In the following table, a new field named "Received" is created to show the output:
When (String) | Value (Decimal) | Commission (Decimal) | Index (Integer) | Received (Decimal) |
---|---|---|---|---|
Unknown | 14000.00 | 701.40 | 13298.60 | |
February | 5000.00 | 250.50 | 2 | 4749.50 |
March | 6000.00 | 300.60 | 3 | 5699.40 |
May | 7000.00 | 350.70 | 5 | 6649.30 |
June | 4000.00 | 200.40 | 4 | 3799.60 |
July | 7000.00 | 350.70 | 7 | 6649.30 |
September | 7000.00 | 350.70 | 9 | 6649.30 |
October | 6000.00 | 300.60 | 10 | 5699.40 |
Now we can save the result of the transformations as a new data source for later processing. The transforms are repeatable, which means you can re-run the transforms, each month, to receive the most updated set of numbers, rather than create a sequence of transforms but run them only once.
The following is a summary of the transformations we used in the overview:
String trim: remove whitespace at the beginning and end of date strings.
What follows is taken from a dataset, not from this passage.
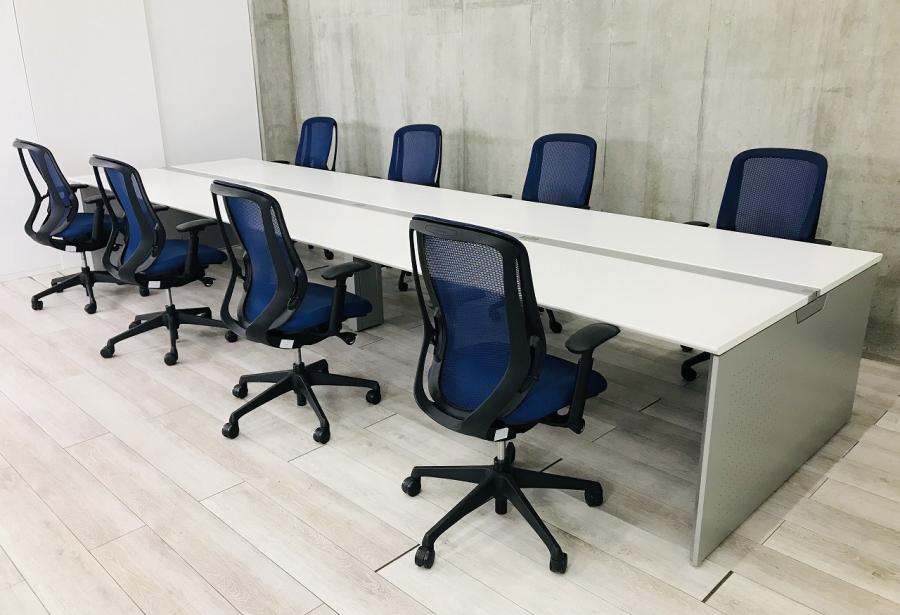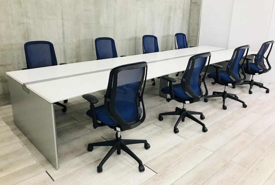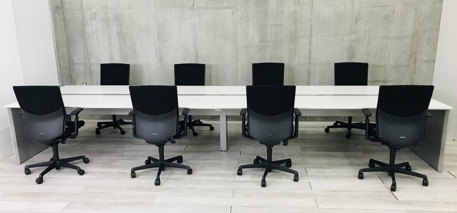 【見た目がおしゃれなフリーアドレスデスク】幅4800㎜ 奥行1400㎜ 高さ720㎜ オカムラ/プロユニットフリーウェイ/天板:ホワイト/脚:ホワイト 中古家具

String to date: build date objects.
Date to month: extract month index from date objects.
Date to month name (long): replace date objects with long month names.
Null to string: set the null month names to “Unknown”.
Sort by month index: view the sales values throughout each month in the ascending order.
Reduce: sum merge the sales values and commissions, reduce the redundant rows and display a single total for each month.
Subtract: subtract the commissions from the sales values to calculate how much the company receives from sales each month.
You can find more details on these and all other supported transformations in the following chapters.